What was different about today than other days? Before getting into the shower, I had a bad day, another in a countless amount of bad days. Yet yesterday, I had a breakthrough about a form of self-expression that really benefitted me. I use the voice-to-text feature of Google Docs transcribe as I spoke the story of my life out loud. I allowed myself to tell my own story the way that I saw it, free from other’s input or gaslighting of how they think it should be told.
When my mood got low today, instead of letting myself spiral into a deep hole I wouldn’t be able to dig myself out of, I spent hours drawing this image.
This was inspired a post on Tumblr that I’ve had saved on my phone for God knows how long. I felt drawn to it and would turn back to it occasionally, more than the thousands of screenshots I take and never look at again. My Google drive is a 188.52 GB mess.
You may be thinking, there’s no way that took hours to make, but it did. Why did it take me so long? Because of a combination of perfectionism and aphantasia. I’m terrible at drawing, but I’ve discovered that I really like digital art. I can easily erase mistakes without seeing the indent of where a line once was on the piece of paper or need to figure out how to work around paint in a place where I didn’t want it to be. I can accept my artistic skills where they are, knowing that I’m not where I want to be due to a lack of experience, not a lack of talent or creativity. I don’t have shame for not being on the same level as people whose skills I admire.
Even yesterday, while I was telling my 10-year-old daughter the reasons why I firmly believe that Taylor Swift is the most powerful witch in the United States, I said that words are spells. The phrase, “words have power,” being the mundane equivalent, having my words fall on deaf ears or ignored repeatedly and unapologetically made me feel small and weak.

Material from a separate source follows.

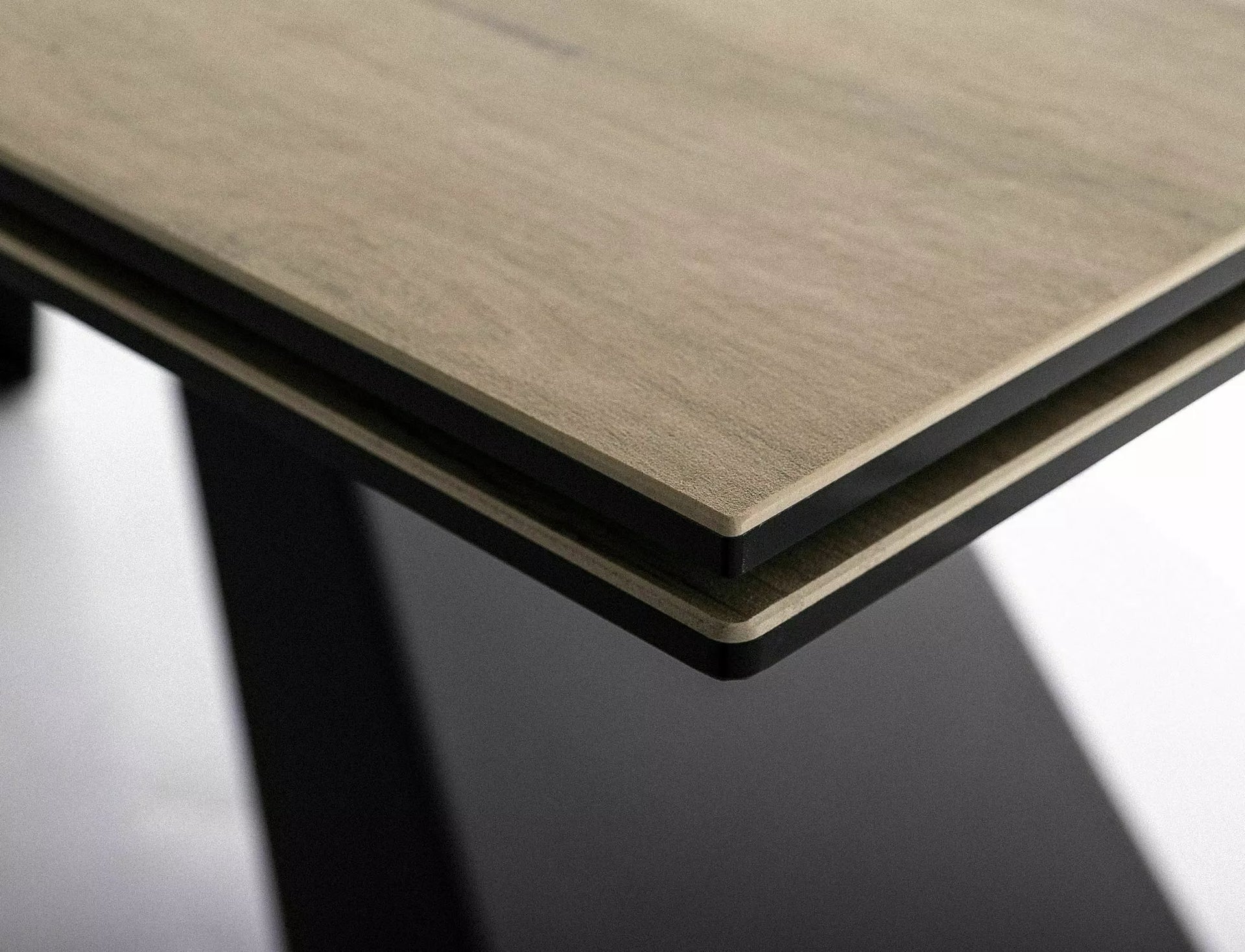 Masa extensibila, blat: sticla securizata + ceramica SABBIA, cadru: metal, culoare: maro deschis mat / negru mat.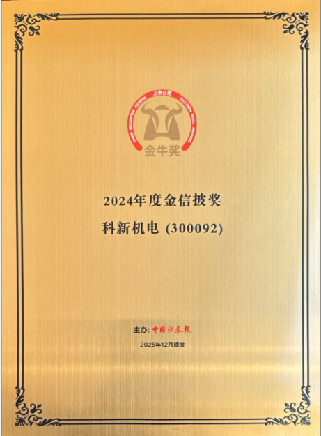近日,四川 科新机电 股份有限公司(以下简称“公司”或“ 科新机电 ”)荣获中国证券报“金信披奖”。

I became used to begging to be told that I’m enough- to my mom, ex-boyfriends, and husband.
I wasn’t skinny enough.
I wasn’t organized enough.
I wasn’t alternative-looking enough.
My boobs weren’t big enough.
I wasn’t earning enough.
I wasn’t submissive enough.
I wasn’t enough.
I sought validation from people who told me that they loved me with their words but showed me through their actions that their love was conditional, transactional at times. I played a role in the lives of these people, and it was never one that I agreed to or wanted.
I want to say that I’ve experienced unconditional love from my aunt, from my kids, and from my dog, but my brain is a little too hurt right now where it wants to look for reasons why that isn’t true.
In the past when I tried to speak up and advocate for my emotions and set boundaries, my needs weren’t met. The subsequent betrayal trauma and sometimes physical abuse which followed me asking for kindess and respect developed into c-PTSD, anxiety, and depression. Social isolation and hyper-independence consumed me.
For a long time, I have felt hard like the boiled egg, but I feel like I might be far enough into my year-long healing journey where I am now choosing for myself to be soft like the potato. I’m learning healthy coping mechanisms, setting boundaries, figuring out my worth and choosing myself. The walls I’ve built after years of mistreatment are falling down. I plan to plant a beautiful garden in its place.
I can start to feel myself getting burnt out from the energy being used to write this, so I’m going to bounce while I still feel affectionate towards this writing. So long and thanks for all the fish.